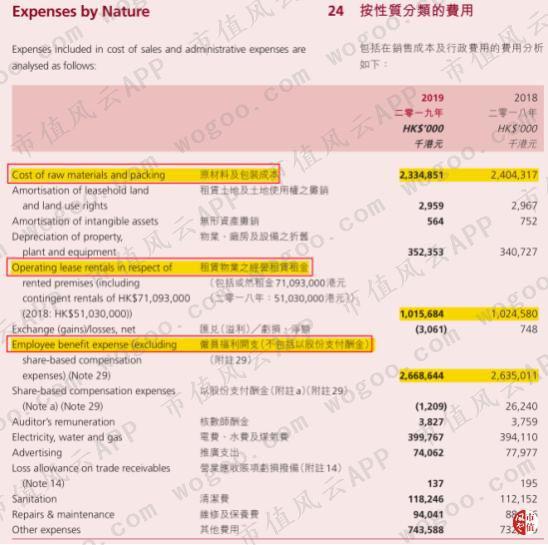 两家公司都将除了行政费用之外的期间费用,包含原材料费用、员工费用、租金、设备维修费用、水电费、折旧和摊销费用等,均计入到销售成本之中。
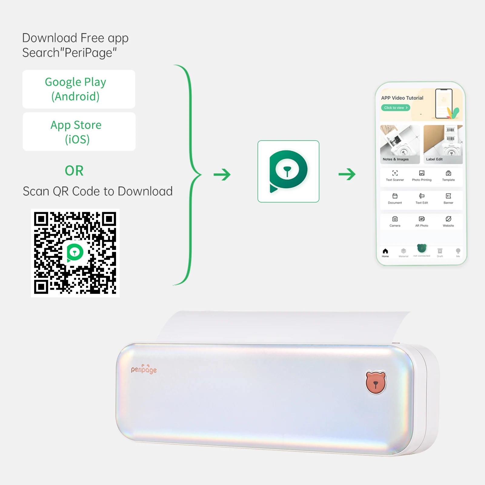 【Высокая Совместимость 】 Поддержка IOS и Android мобильный телефон с помощью подключения bt. Включите принтер, нажав кнопку питания в течение 2 секунд. Для мобильного устройства сначала загрузите приложение (PeriPage) и войдите в него и Подключитесь к машине через функцию BT. Если вам нужно распечатать с компьютером, сначала загрузите драйвер.(Драйвер на данный момент не поддерживает macOS)
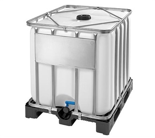 1000L IBC konteineris uz plastikāta paletes, jauns, pārtikas, ar marķējumu un sertifikatu
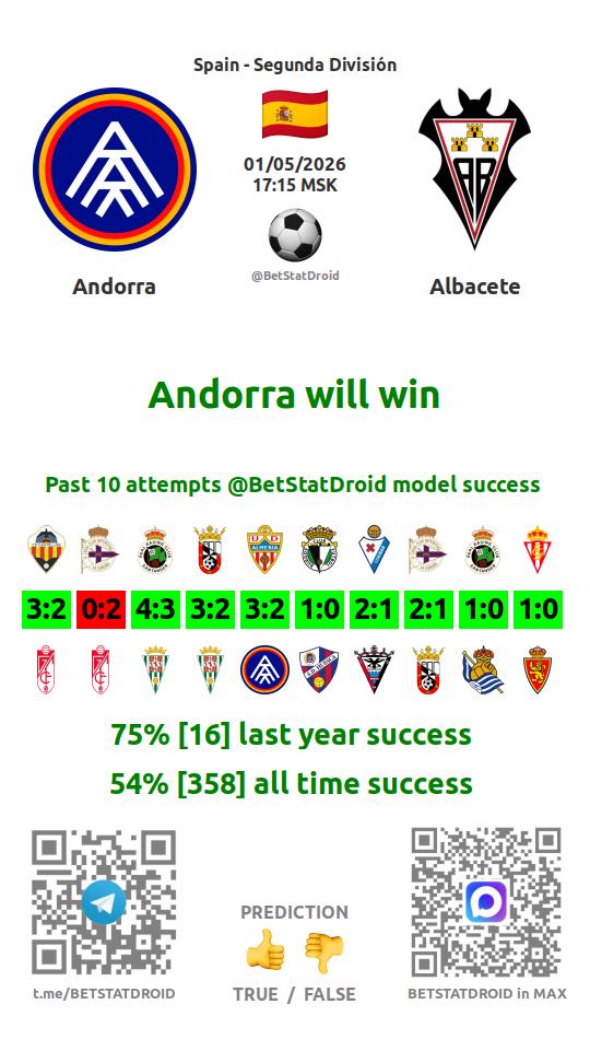 ✔ Andorra scores under 1,5 goals in each of 5 last games
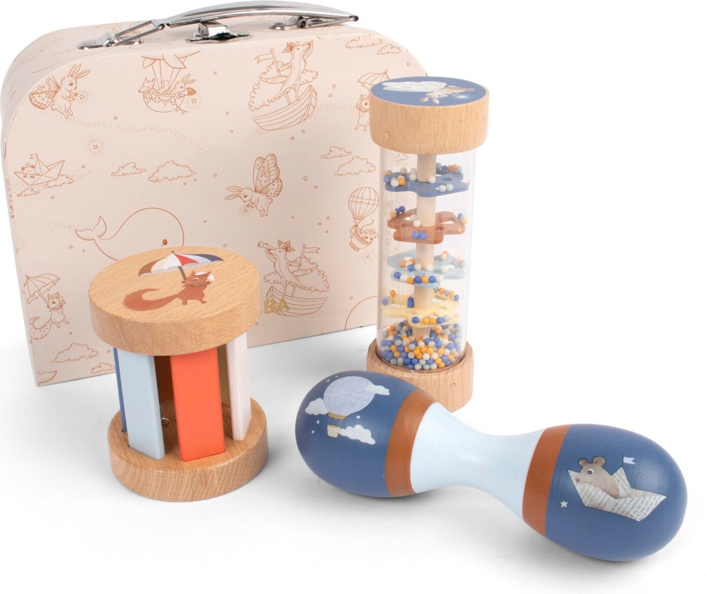 Giv dit barn en verden af leg med Filibabba - Sanselegetøj og Legekuffert Sæt. Dette smukke legetøj er designet til at stimulere barnets sanser og fremme kreativ leg. Sættet består af 4 dele i holdbart træ, der er perfekt til både indendørs og udendørs leg.
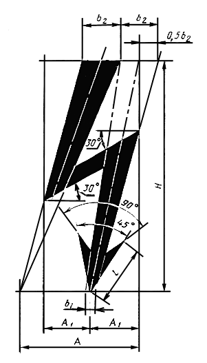 Высота H символа должна быть от 6 до 1000 мм. Остальные размеры символа следует определять следующими соотношениями:
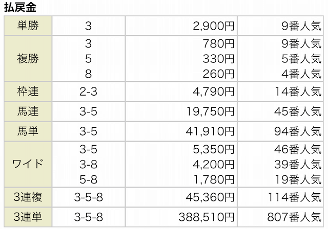 3連単は3885.1倍の配当がつきました!

....................

For this exercise, set down exactly the lines that run from the line holding "1000L IBC konteineris" to the last line of the records above; include both end lines and omit pictures.

> [Written reply]
 1000L IBC konteineris uz plastikāta paletes, jauns, pārtikas, ar marķējumu un sertifikatu
 ✔ Andorra scores under 1,5 goals in each of 5 last games
 Giv dit barn en verden af leg med Filibabba - Sanselegetøj og Legekuffert Sæt. Dette smukke legetøj er designet til at stimulere barnets sanser og fremme kreativ leg. Sættet består af 4 dele i holdbart træ, der er perfekt til både indendørs og udendørs leg.
 Высота H символа должна быть от 6 до 1000 мм. Остальные размеры символа следует определять следующими соотношениями:
 3連単は3885.1倍の配当がつきました!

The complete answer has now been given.